Updating an acceleration structure requires that any other acceleration structure that is using this acceleration structure as a child directly or indirectly also needs to be updated or rebuild.

Compaction

A post-process can compact an acceleration structure after construction. This process can significantly reduce memory usage, but it requires an additional pass. The build and compact operations are best performed in batches to ensure that device synchronization does not degrade performance. The compacted size depends on the acceleration structure type and its properties and on the device architecture.

Compaction Safe API

To compact an [Accel] or DynamicAccel when building, simply pass true for the compact parameter. This handles all buffer allocation and management internally, providing safely and simplicity at the cost of not being able to re-use temporary buffers.

Compaction Unsafe API

To compact the acceleration structure as a post-process, do the following:

The accel_compact() call should be guarded by an if compacted_size < output_size (or similar) to avoid the compacting pass in cases where it is not beneficial. Note that this check requires a copy of the compacted size (as queried by accel_build()) from the device memory to host memory.
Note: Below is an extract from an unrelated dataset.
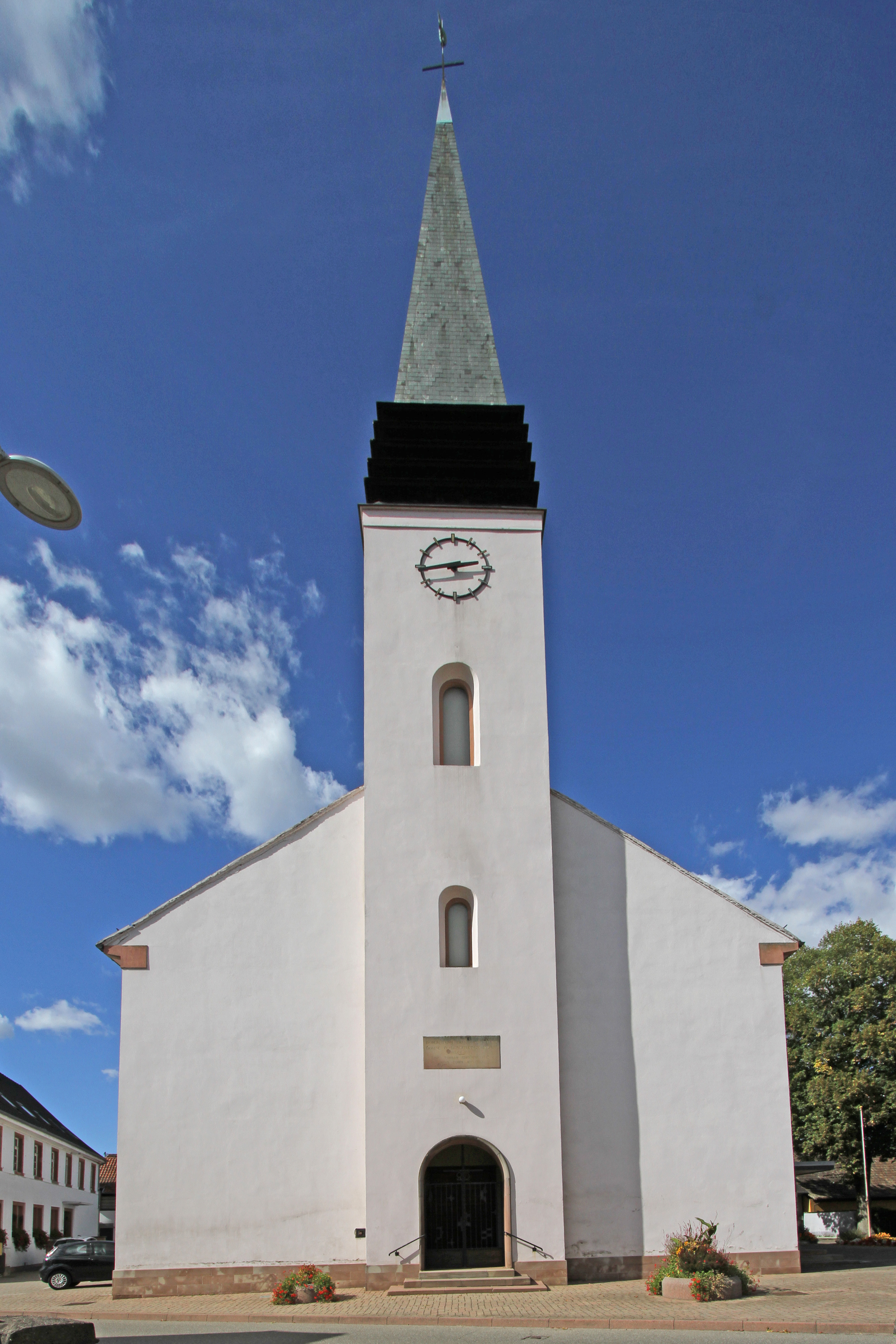 Church of St. Wendelin in Rohrwiller.

Just like an uncompacted acceleration structure, it is possible to traverse, update, or relocate a compacted acceleration structure.

For example:

no_run
use cust::prelude as cu;
use optix::prelude as ox;
# fn doit() -> Result<(), Box<dyn std::error::Error>> {
# cust::init(cu::CudaFlags::empty())?;
# ox::init()?;
# let device = cu::Device::get_device(0)?;
# let cu_ctx = cu::Context::create_and_push(cu::ContextFlags::SCHED_AUTO |
# cu::ContextFlags::MAP_HOST, device)?;
# let ctx = ox::DeviceContext::new(&cu_ctx, false)?;
# let vertices: Vec<[f32; 3]> = Vec::new();
# let indices: Vec<[u32; 3]> = Vec::new();
# let stream = cu::Stream::new(cu::StreamFlags::DEFAULT, None)?;

let buf_vertex = cu::DeviceBuffer::from_slice(&vertices)?;
let buf_indices = cu::DeviceBuffer::from_slice(&indices)?;

let geometry_flags = ox::GeometryFlags::None;

let build_inputs =
    [ox::IndexedTriangleArray::new(
        &[&buf_vertex],
        &buf_indices,
        &[geometry_flags]
    )];

let accel_options =
    ox::AccelBuildOptions::new(
        ox::BuildFlags::ALLOW_COMPACTION,
        ox::BuildOperation::Build
    );

// Get the storage requirements for temporary and output buffers
let sizes = accel_compute_memory_usage(ctx, accel_options, build_inputs)?;

// Allocate temporary and output buffers
let mut output_buffer =
    unsafe { DeviceBuffer::<u8>::uninitialized(sizes.output_size_in_bytes)? };
let mut temp_buffer =
    unsafe { DeviceBuffer::<u8>::uninitialized(sizes.temp_size_in_bytes)? };

// Build the accel
let hnd = unsafe {
    accel_build(
        ctx,
        stream,
        accel_options,
        build_inputs,
        &mut temp_buffer,
        &mut output_buffer,
        &mut properties,
    )?
};

stream.synchronize()?;

let mut compacted_size = 0usize;
compacted_size_buffer.copy_to(&mut compacted_size)?;

let accel = if compacted_size < sizes.output_size_in_bytes {
    let mut buf = unsafe { DeviceBuffer::<u8>::uninitialized(compacted_size)? };
    let hnd = unsafe { accel_compact(ctx, stream, hnd, &mut buf)? };

    stream.synchronize()?;
    Accel::from_raw_parts(buf, hnd);
else {
    Accel::from_raw_parts(output_buffer, hnd)
};

# Ok(())
# }

Traversable Objects

Traversable Objects Safe API

The transform traversable types, StaticTransform, MatrixMotionTransform, and SrtMotionTransform handle all necessary memory allocation and pointer conversion for you in their new() constructors.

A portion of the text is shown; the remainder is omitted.